Hacker News new | ask | show | jobs
by FabHK 2675 days ago
That reminds me of what I think was a flaw in the computer-based adaptive GRE. "Adaptive" because it gives you harder questions when you're doing well, and easier ones when you're doing badly, thus allowing for the same measurement precision, if you will, with fewer questions.

My Spanish girl friend and I studied English vocabulary to prepare for the GRE, and took many old-fashioned paper based tests (non-adaptive) for practice, then later the actual (adaptive) one. Her result on the actual test was much worse than on the practice tests, by many standard deviations (only in the verbal section, not in the quantitative section).

Now, in English, the more difficult words are frequently the words of Latin origin (for example, "to lament" vs "to mourn"). However, those were often cognates of the equivalent Spanish words, thus easier for her. So, the hypothesis is that she got some questions wrong initially, and the algorithm decided to give her "easier" questions (with more Germanic words), which would be harder for her, though; while withholding the harder questions which she could have solved correctly.
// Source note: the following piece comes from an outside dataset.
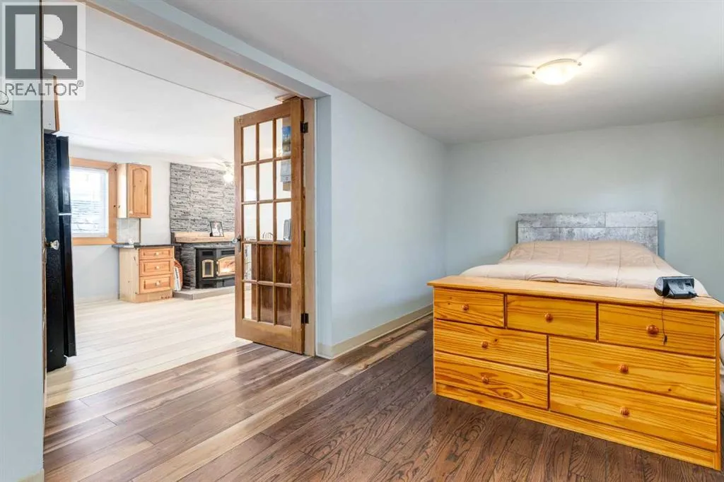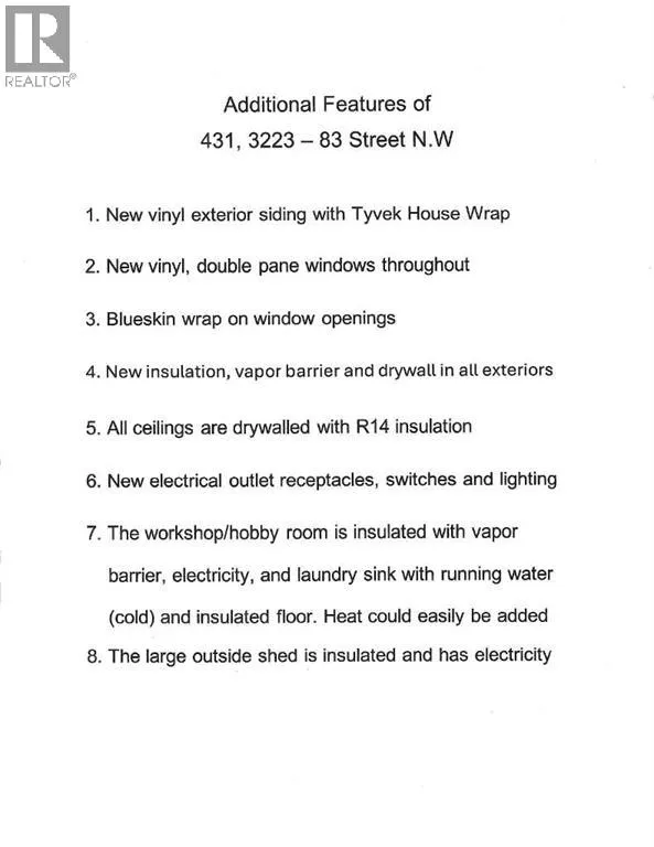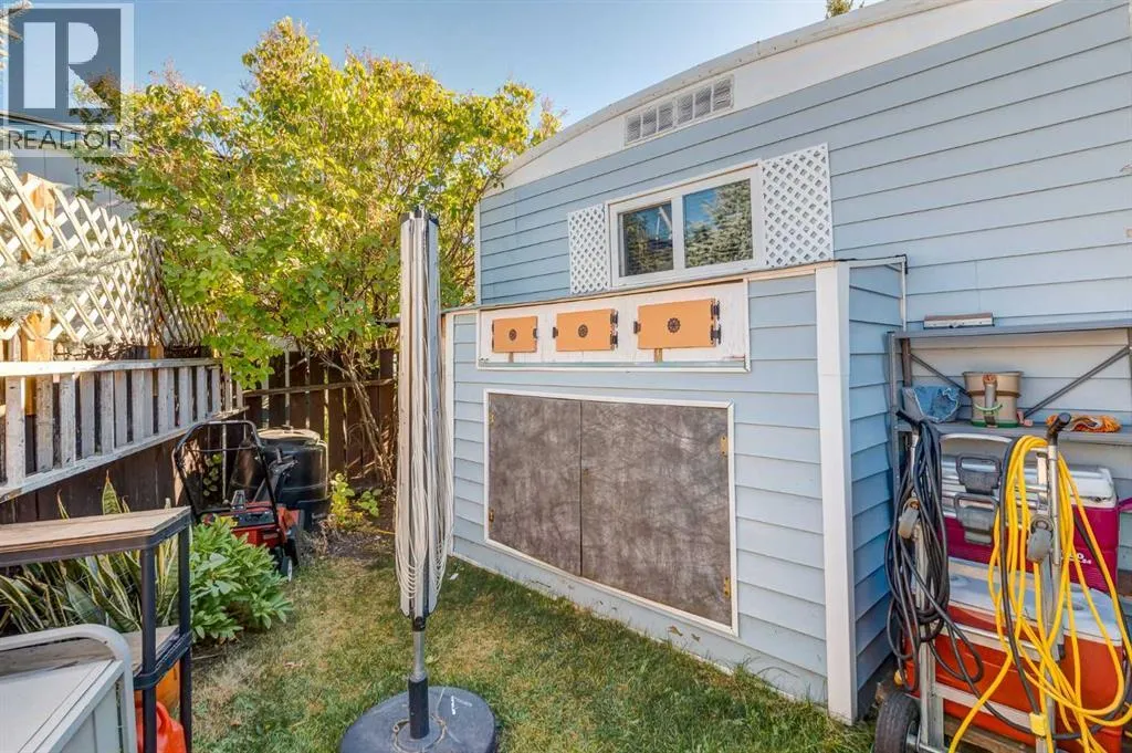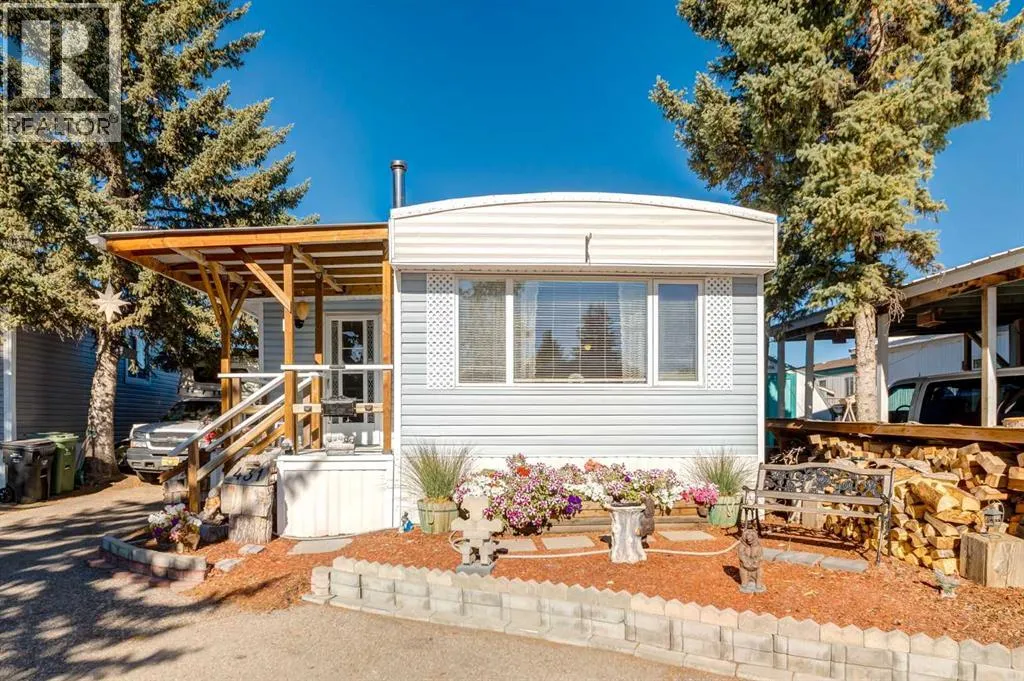 This charming home in the popular Greenwood Village community comes with numerous upgrades! It features a spacious eat-in kitchen with stunning knotty pine cabinetry, attractive laminate flooring, and two fireplaces that keep the space cozy during winter, complemented by a refurbished gas furnace rarely used by the current owner. The home offers a large living room, a great dining area in the kitchen, a generously sized primary bedroom, and a roomy second bedroom, making it a comfortable place to live. Upgrades include new exterior vinyl siding with Tyvek House Wrap, upgraded insulation, new drywall throughout, double-pane vinyl windows, new electrical outlets, switches, and lighting. There's also a fantastic workshop/hobby room with insulation, electricity, running water, and an insulated floor, easily accessible from inside the home. The large shed is also insulated and has electricity. The private backyard is perfect for BBQs, family gatherings, and gardening, with ample additional storage. Conveniently located across the alley from the new Farmer's Market, this affordable home offers easy access to the mountains and is just minutes from the ski hill at Calgary Olympic Park. (id:27476)

Intriguingly, it might have gone the other way around (depending on whether you first got predominantly Germanic words, answered them wrong, and got even more of them, or first got predominantly Latinate words, answered them correctly, and got even more of them.)

Thus, if ETS tested the adaptive algorithm on native English speakers, the adaptive test might have lined up very well with the traditional test, validating it.

(Now we're coming to the intriguing part.) If they tested it also with Latinos/native Spanish speakers, it might well have been that the mean deviation (between adaptive and paper based result) was also very small, but the variance of the deviation larger: many large deviations to the upside, many large deviations to the downside.

I wonder whether that was ever researched in depth, and whether it could have been grounds for complaints (that members of some community had measurements that were "worse", but not in the sense of biased, but of "less precise", with more variance!)?

2 comments

> I wonder whether that was ever researched in depth

Yes, it was. My wife studied linguistics and she has an MSc in Education, she has tens of books on grading and evaluating English learners, and GRE is a test that has been studied extensively. I don't have any reference at hand (on my mobile) but feel free to search on any education-related journal: you'll find tons of sudies.

You're hypothesizing an additional axis of question variation, "Romance-Germanic", in addition to the well-known axis "difficulty". Do we have any reason other than this anecdote to believe this other axis actually exists for GRE? Why wouldn't easy Romance questions be sorted in with easy Germanic questions?
One reason to believe it (or more specifically, to believe the correlation between the Romance-Germanic axis and the difficulty axis is not zero) is that easier / more common vocabulary is often Germanic and harder / more literary vocabulary is often Romance, as a result of the origins of social classes and an intentional desire to use Romance words (or straight-up import Latin words) among those of higher learning / standing. That's the claim of several comments in this thread.